Work instructions —
Give the data again in full, without pictures.

Information shown —
======

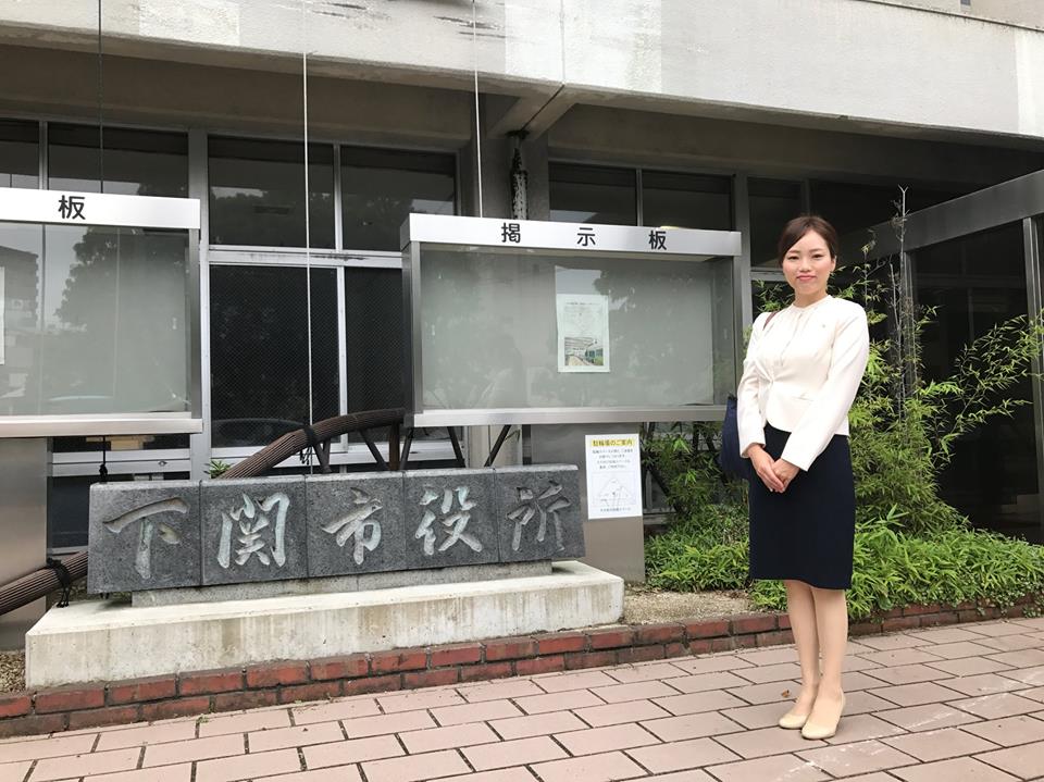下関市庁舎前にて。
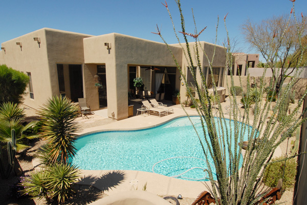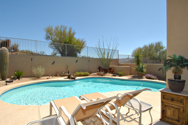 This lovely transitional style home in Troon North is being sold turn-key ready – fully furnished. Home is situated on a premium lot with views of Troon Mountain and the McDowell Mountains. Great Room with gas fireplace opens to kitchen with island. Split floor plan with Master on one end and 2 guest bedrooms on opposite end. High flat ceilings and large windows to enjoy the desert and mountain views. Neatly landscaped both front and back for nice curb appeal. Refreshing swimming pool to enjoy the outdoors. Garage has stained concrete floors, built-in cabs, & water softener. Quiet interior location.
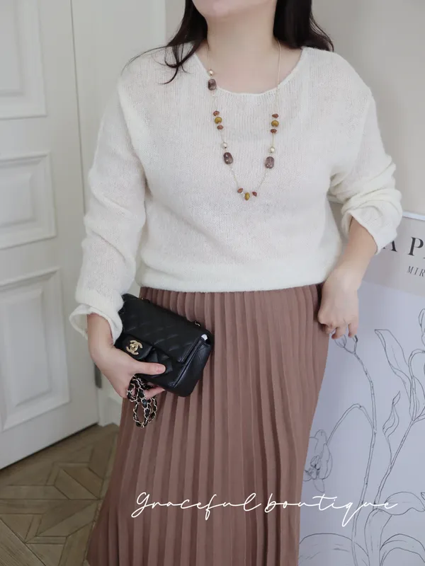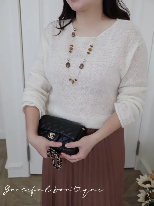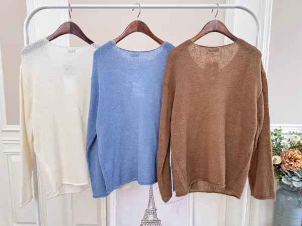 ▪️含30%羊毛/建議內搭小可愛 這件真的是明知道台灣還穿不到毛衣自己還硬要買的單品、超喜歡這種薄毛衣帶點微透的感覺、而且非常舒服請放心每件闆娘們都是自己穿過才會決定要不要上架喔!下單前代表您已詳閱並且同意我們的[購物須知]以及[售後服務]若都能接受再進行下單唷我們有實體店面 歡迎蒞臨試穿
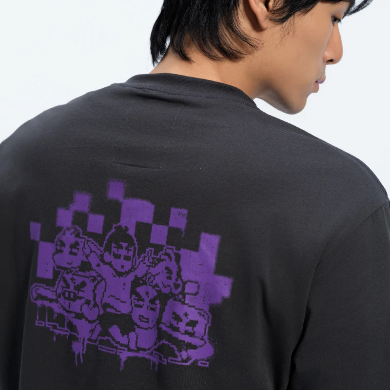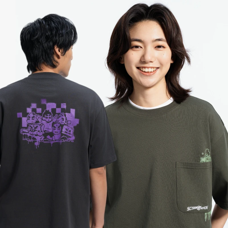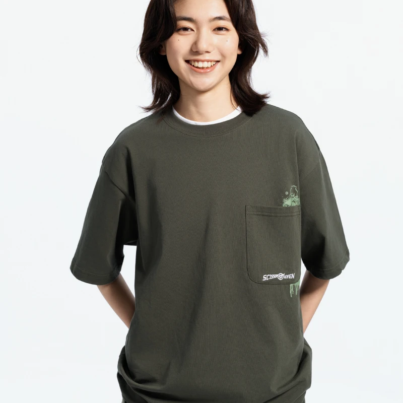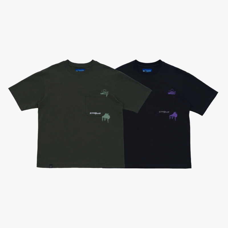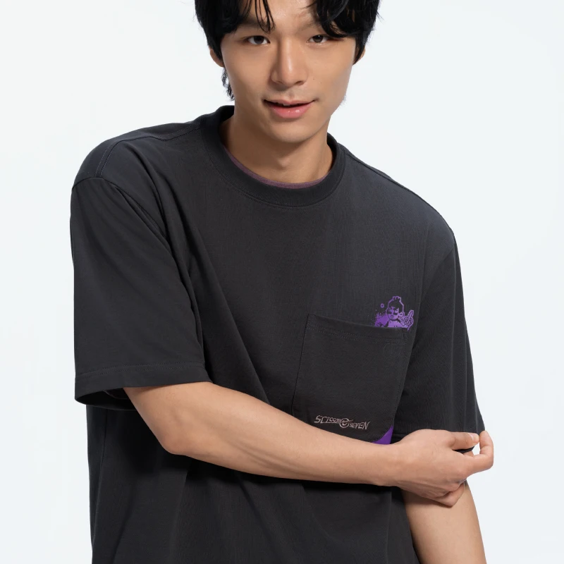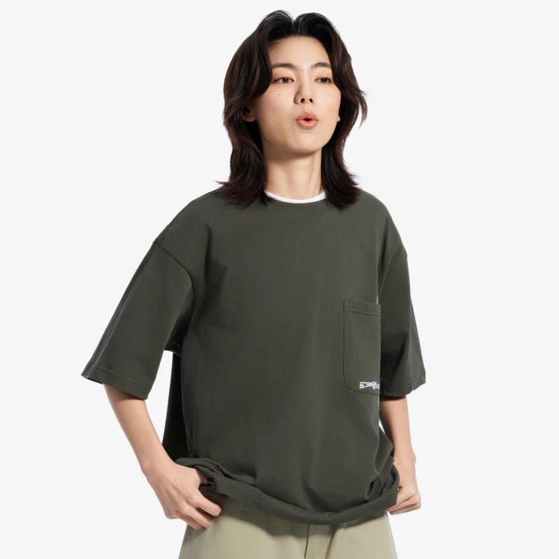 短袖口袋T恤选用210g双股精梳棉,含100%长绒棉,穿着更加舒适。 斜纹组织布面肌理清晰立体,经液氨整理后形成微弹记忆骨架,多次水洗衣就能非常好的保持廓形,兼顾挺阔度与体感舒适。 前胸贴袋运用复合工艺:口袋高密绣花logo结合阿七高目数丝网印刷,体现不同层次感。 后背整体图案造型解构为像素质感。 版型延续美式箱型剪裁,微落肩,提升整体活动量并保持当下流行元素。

======

Result —
下関市庁舎前にて。
 This lovely transitional style home in Troon North is being sold turn-key ready – fully furnished. Home is situated on a premium lot with views of Troon Mountain and the McDowell Mountains. Great Room with gas fireplace opens to kitchen with island. Split floor plan with Master on one end and 2 guest bedrooms on opposite end. High flat ceilings and large windows to enjoy the desert and mountain views. Neatly landscaped both front and back for nice curb appeal. Refreshing swimming pool to enjoy the outdoors. Garage has stained concrete floors, built-in cabs, & water softener. Quiet interior location.
 ▪️含30%羊毛/建議內搭小可愛 這件真的是明知道台灣還穿不到毛衣自己還硬要買的單品、超喜歡這種薄毛衣帶點微透的感覺、而且非常舒服請放心每件闆娘們都是自己穿過才會決定要不要上架喔!下單前代表您已詳閱並且同意我們的[購物須知]以及[售後服務]若都能接受再進行下單唷我們有實體店面 歡迎蒞臨試穿
 短袖口袋T恤选用210g双股精梳棉,含100%长绒棉,穿着更加舒适。 斜纹组织布面肌理清晰立体,经液氨整理后形成微弹记忆骨架,多次水洗衣就能非常好的保持廓形,兼顾挺阔度与体感舒适。 前胸贴袋运用复合工艺:口袋高密绣花logo结合阿七高目数丝网印刷,体现不同层次感。 后背整体图案造型解构为像素质感。 版型延续美式箱型剪裁,微落肩,提升整体活动量并保持当下流行元素。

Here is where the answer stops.